### RECORD EXCERPTS
----------------

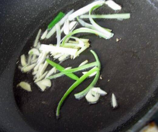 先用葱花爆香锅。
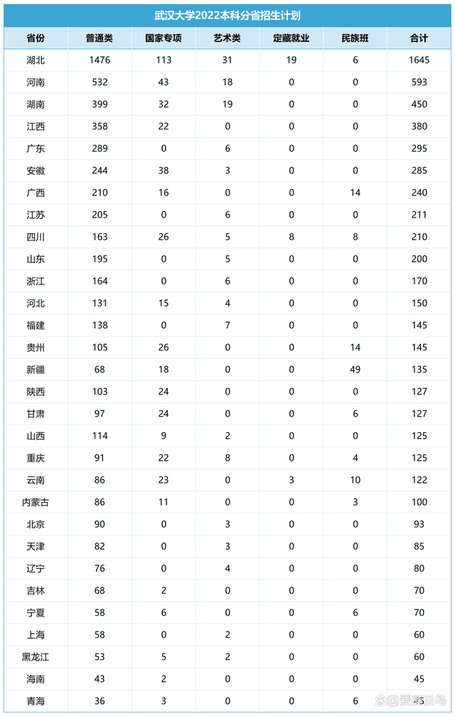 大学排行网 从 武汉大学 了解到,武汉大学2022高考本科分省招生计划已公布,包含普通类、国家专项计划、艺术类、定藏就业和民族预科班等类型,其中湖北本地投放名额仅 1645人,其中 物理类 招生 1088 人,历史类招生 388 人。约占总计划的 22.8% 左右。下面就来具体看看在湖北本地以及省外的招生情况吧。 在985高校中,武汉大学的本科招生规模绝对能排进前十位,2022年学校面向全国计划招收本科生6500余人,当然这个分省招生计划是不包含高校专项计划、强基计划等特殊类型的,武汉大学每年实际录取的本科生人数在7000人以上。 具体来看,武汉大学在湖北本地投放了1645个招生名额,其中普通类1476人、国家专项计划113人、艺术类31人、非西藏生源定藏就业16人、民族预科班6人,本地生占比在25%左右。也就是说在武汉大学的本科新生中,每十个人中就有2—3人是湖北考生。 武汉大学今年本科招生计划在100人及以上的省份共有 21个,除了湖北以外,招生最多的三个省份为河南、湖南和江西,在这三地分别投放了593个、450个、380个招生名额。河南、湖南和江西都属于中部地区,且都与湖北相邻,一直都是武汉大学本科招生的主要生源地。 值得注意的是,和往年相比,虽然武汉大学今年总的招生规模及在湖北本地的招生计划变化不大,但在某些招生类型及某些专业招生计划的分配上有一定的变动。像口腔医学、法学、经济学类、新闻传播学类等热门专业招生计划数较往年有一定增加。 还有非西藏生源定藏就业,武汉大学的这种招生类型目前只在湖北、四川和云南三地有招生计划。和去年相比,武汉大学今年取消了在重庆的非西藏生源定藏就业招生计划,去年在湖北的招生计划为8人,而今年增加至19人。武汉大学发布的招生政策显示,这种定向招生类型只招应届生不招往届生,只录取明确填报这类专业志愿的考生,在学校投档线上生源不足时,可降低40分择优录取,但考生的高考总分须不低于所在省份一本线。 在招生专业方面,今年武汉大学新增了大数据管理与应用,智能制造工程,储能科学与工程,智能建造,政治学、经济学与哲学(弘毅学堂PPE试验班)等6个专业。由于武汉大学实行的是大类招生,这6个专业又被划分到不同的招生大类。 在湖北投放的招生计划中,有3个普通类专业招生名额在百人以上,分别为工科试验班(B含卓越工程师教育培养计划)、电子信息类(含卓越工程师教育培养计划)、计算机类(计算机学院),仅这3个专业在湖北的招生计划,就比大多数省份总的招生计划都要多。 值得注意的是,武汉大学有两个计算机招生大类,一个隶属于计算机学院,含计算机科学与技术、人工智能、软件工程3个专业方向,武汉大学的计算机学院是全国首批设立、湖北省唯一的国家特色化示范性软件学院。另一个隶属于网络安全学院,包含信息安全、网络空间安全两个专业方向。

----------------

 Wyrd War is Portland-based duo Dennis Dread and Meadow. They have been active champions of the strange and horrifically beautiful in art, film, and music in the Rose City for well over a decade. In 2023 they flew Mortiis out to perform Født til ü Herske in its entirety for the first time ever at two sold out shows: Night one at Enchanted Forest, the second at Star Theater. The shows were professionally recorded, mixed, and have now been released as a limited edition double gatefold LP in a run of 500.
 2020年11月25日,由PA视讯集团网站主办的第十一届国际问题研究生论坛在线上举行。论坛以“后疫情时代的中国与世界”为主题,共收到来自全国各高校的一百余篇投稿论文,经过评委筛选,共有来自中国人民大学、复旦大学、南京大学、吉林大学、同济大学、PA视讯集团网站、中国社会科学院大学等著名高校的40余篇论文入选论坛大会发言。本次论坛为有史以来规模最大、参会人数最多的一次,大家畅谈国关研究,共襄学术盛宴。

----------------

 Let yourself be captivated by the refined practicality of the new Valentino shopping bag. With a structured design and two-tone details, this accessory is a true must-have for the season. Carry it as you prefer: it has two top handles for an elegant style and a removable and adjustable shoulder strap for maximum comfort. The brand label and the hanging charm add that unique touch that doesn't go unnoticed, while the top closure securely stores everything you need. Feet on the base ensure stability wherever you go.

----------------

### EXERCISE
Find where the line with "Wyrd War is" sits in the material above, then copy exactly from it through the line with "2020年11月25日,由P". Add no other line.

### ANSWER BOX
 Wyrd War is Portland-based duo Dennis Dread and Meadow. They have been active champions of the strange and horrifically beautiful in art, film, and music in the Rose City for well over a decade. In 2023 they flew Mortiis out to perform Født til ü Herske in its entirety for the first time ever at two sold out shows: Night one at Enchanted Forest, the second at Star Theater. The shows were professionally recorded, mixed, and have now been released as a limited edition double gatefold LP in a run of 500.
 2020年11月25日,由PA视讯集团网站主办的第十一届国际问题研究生论坛在线上举行。论坛以“后疫情时代的中国与世界”为主题,共收到来自全国各高校的一百余篇投稿论文,经过评委筛选,共有来自中国人民大学、复旦大学、南京大学、吉林大学、同济大学、PA视讯集团网站、中国社会科学院大学等著名高校的40余篇论文入选论坛大会发言。本次论坛为有史以来规模最大、参会人数最多的一次,大家畅谈国关研究,共襄学术盛宴。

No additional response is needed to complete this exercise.